### Problem
Each line below from the line with "Pegatina Redonda Logo" to the line with "Пуско-зарядное устройство - 1" must be copied exactly, including those two, and no picture may appear in the copy.

(Collected data)
════════════════════

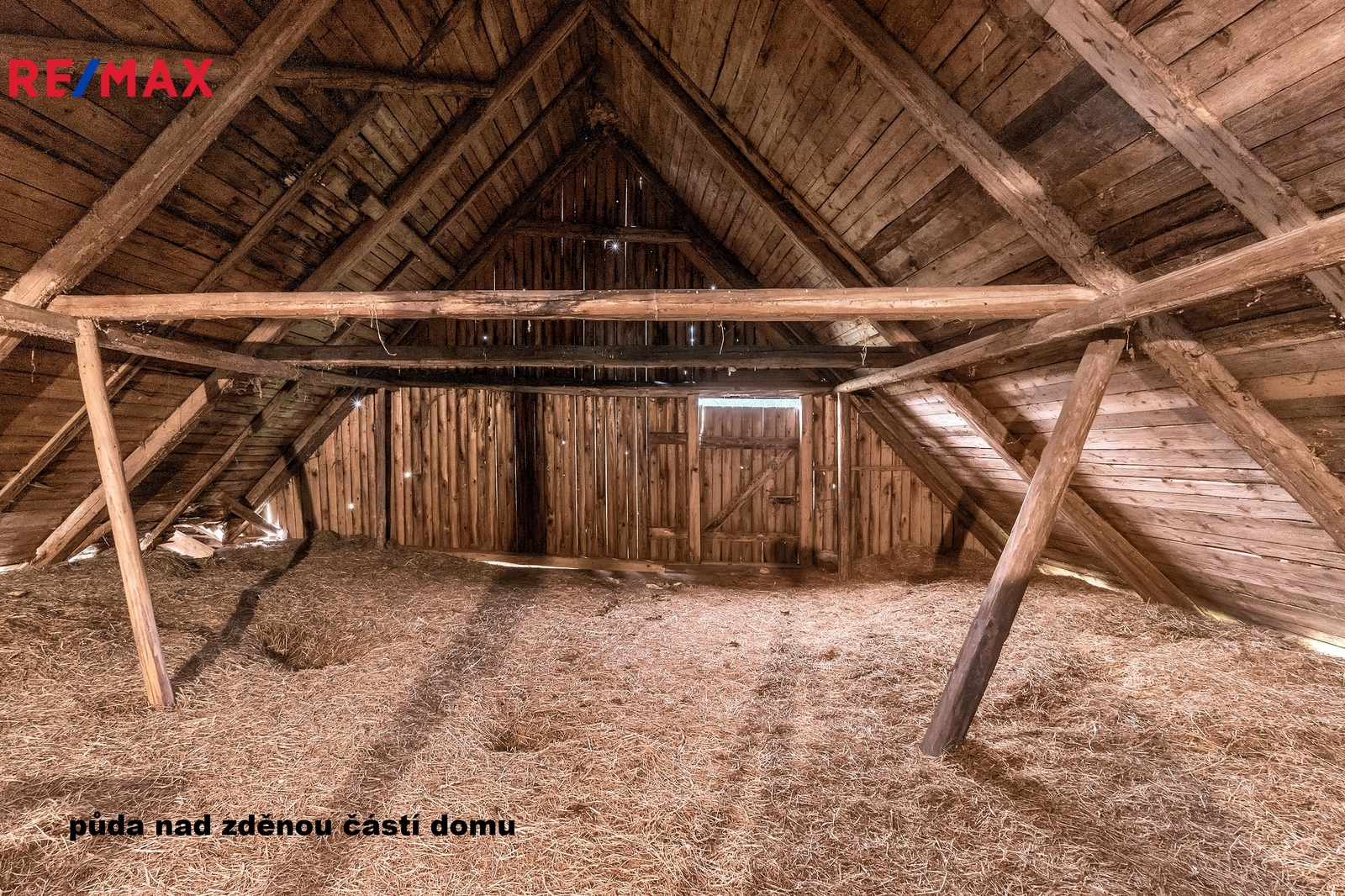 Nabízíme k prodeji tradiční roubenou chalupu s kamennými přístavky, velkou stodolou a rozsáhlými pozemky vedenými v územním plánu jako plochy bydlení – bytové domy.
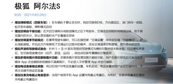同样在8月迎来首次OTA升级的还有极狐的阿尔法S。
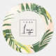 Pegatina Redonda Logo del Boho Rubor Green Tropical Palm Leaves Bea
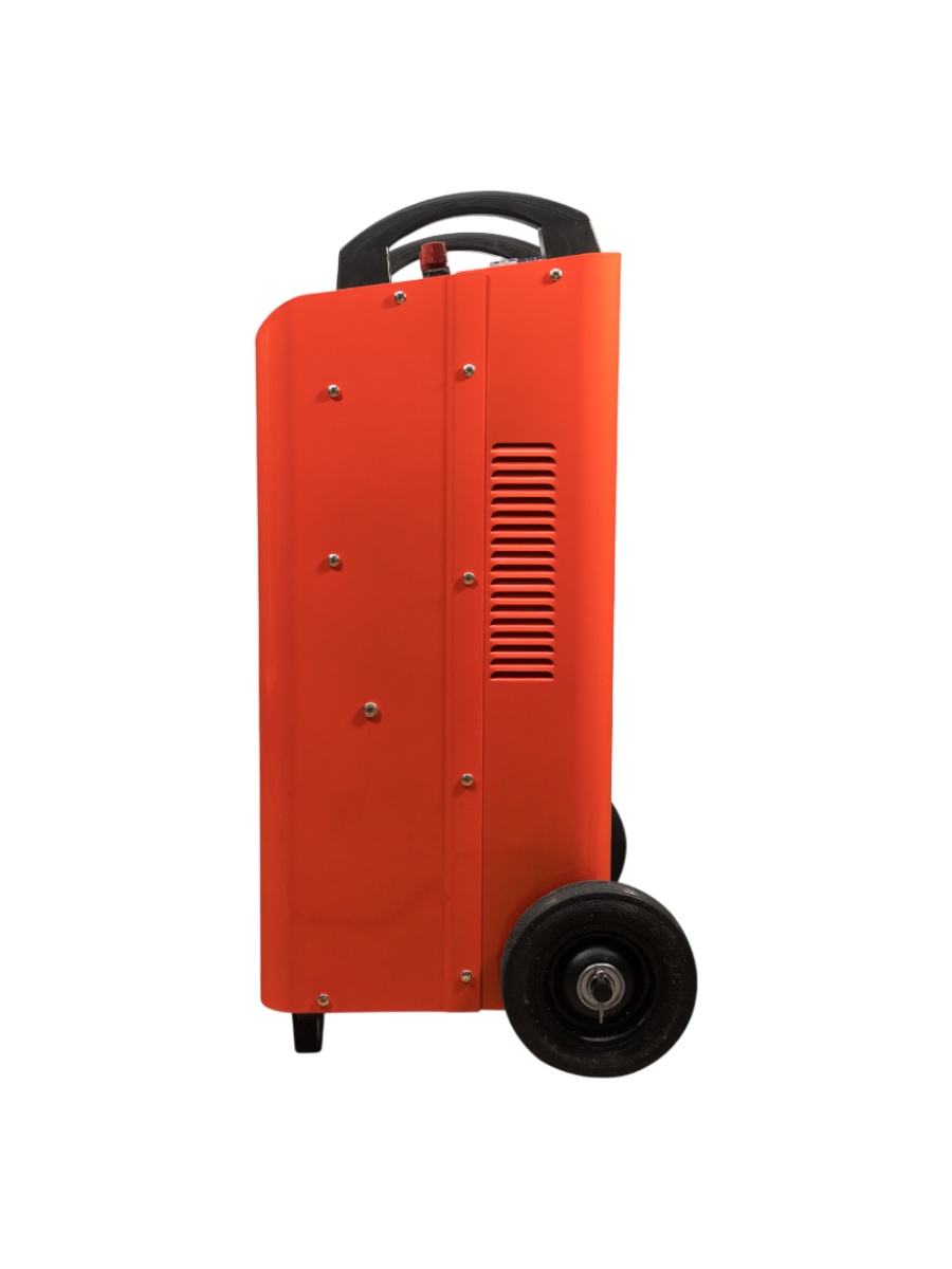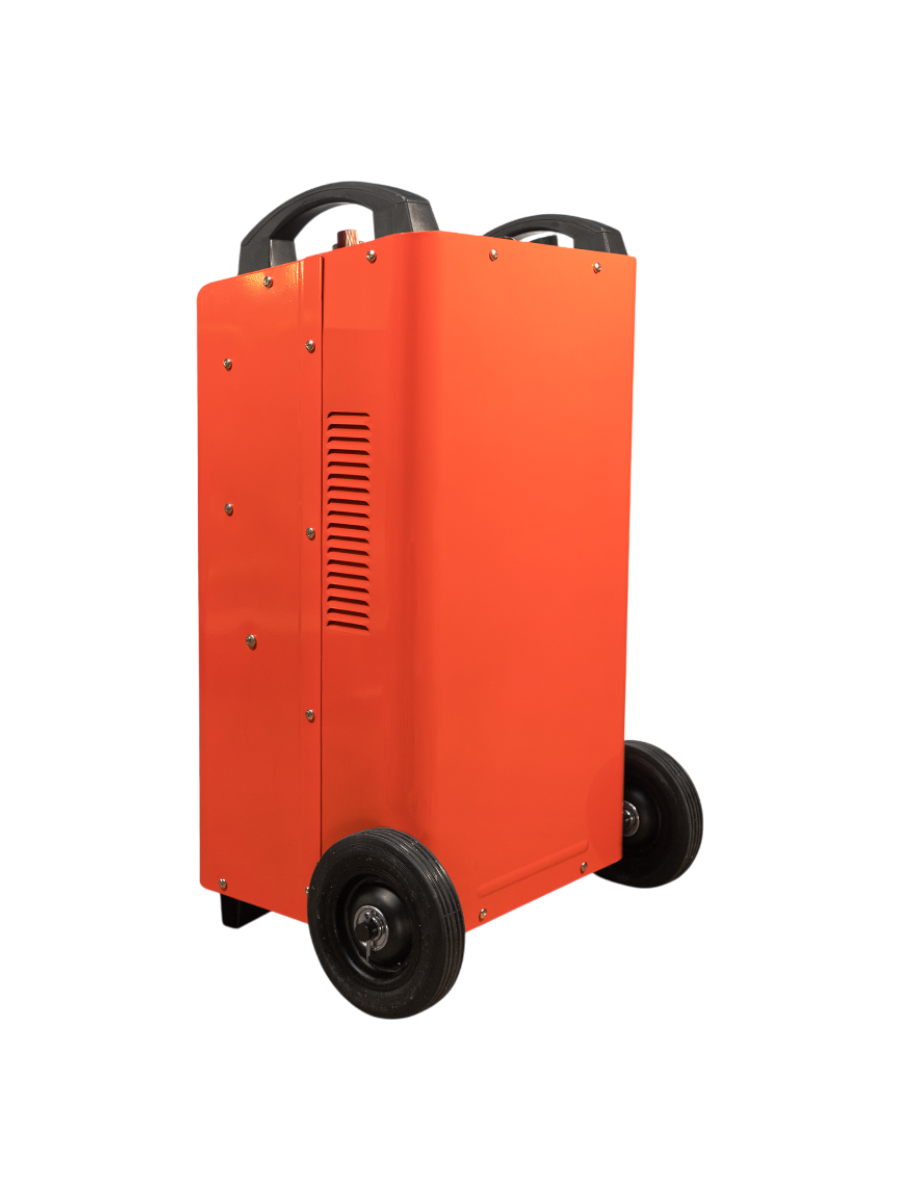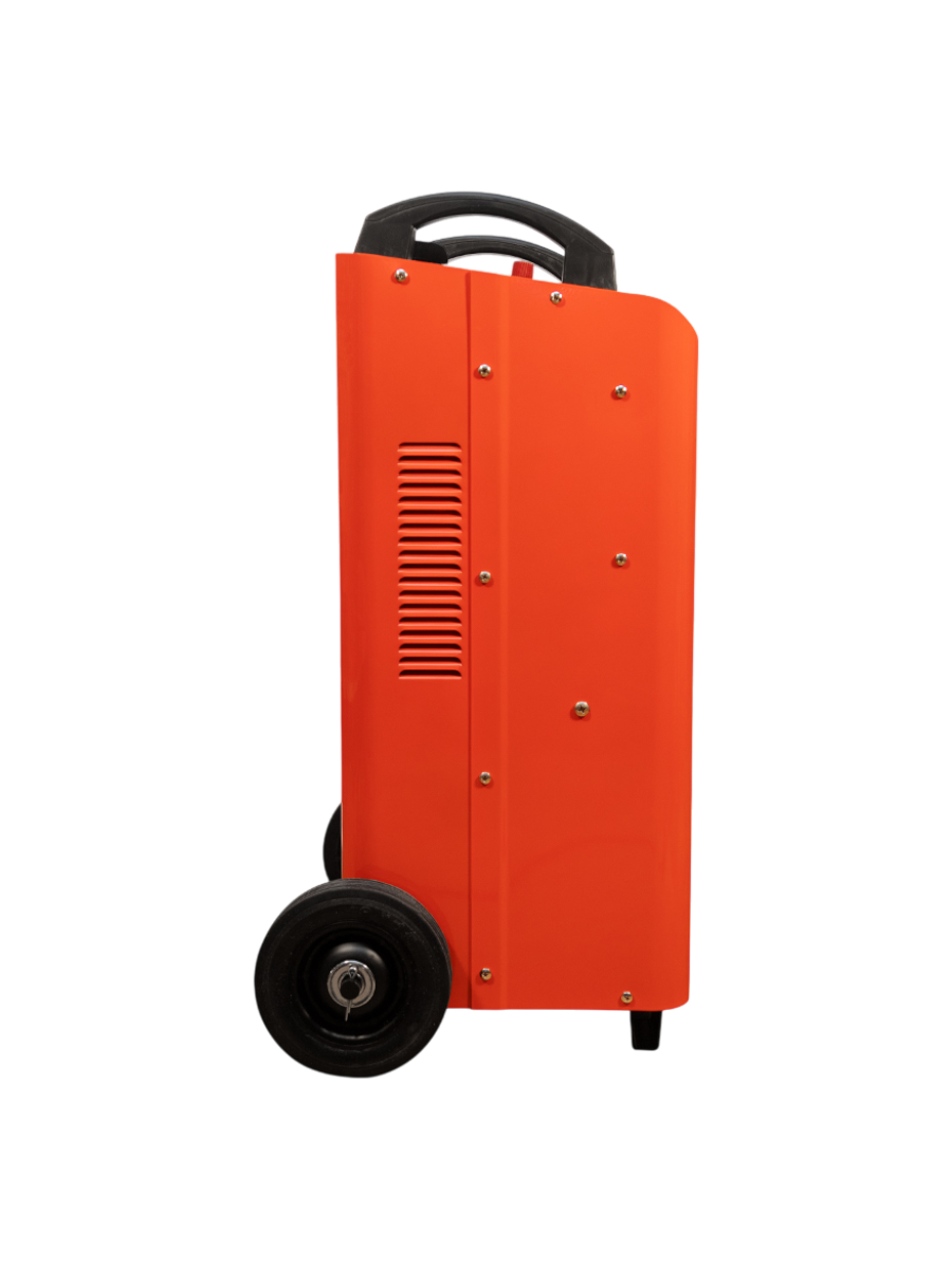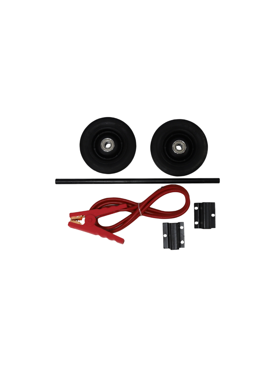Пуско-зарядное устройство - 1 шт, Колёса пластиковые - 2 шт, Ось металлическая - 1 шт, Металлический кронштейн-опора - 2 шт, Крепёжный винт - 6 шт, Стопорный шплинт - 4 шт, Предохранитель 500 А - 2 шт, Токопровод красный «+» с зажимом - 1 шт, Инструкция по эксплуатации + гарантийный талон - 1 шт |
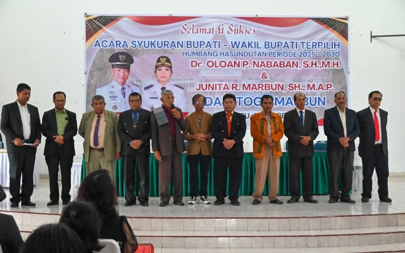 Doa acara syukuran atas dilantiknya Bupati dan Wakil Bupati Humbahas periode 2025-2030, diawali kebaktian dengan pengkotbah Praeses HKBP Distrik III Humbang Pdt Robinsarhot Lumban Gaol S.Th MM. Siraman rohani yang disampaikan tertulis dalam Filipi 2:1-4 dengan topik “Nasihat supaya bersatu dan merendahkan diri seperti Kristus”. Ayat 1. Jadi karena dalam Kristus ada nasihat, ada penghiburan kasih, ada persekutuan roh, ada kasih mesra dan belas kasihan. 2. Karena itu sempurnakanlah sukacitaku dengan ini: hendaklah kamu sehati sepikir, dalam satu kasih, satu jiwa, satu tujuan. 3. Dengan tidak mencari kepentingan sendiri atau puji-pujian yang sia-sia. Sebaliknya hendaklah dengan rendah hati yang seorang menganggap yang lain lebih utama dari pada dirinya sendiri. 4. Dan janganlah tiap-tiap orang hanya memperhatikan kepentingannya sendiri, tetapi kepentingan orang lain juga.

════════════════════

### Written solution
 Pegatina Redonda Logo del Boho Rubor Green Tropical Palm Leaves Bea
Пуско-зарядное устройство - 1 шт, Колёса пластиковые - 2 шт, Ось металлическая - 1 шт, Металлический кронштейн-опора - 2 шт, Крепёжный винт - 6 шт, Стопорный шплинт - 4 шт, Предохранитель 500 А - 2 шт, Токопровод красный «+» с зажимом - 1 шт, Инструкция по эксплуатации + гарантийный талон - 1 шт |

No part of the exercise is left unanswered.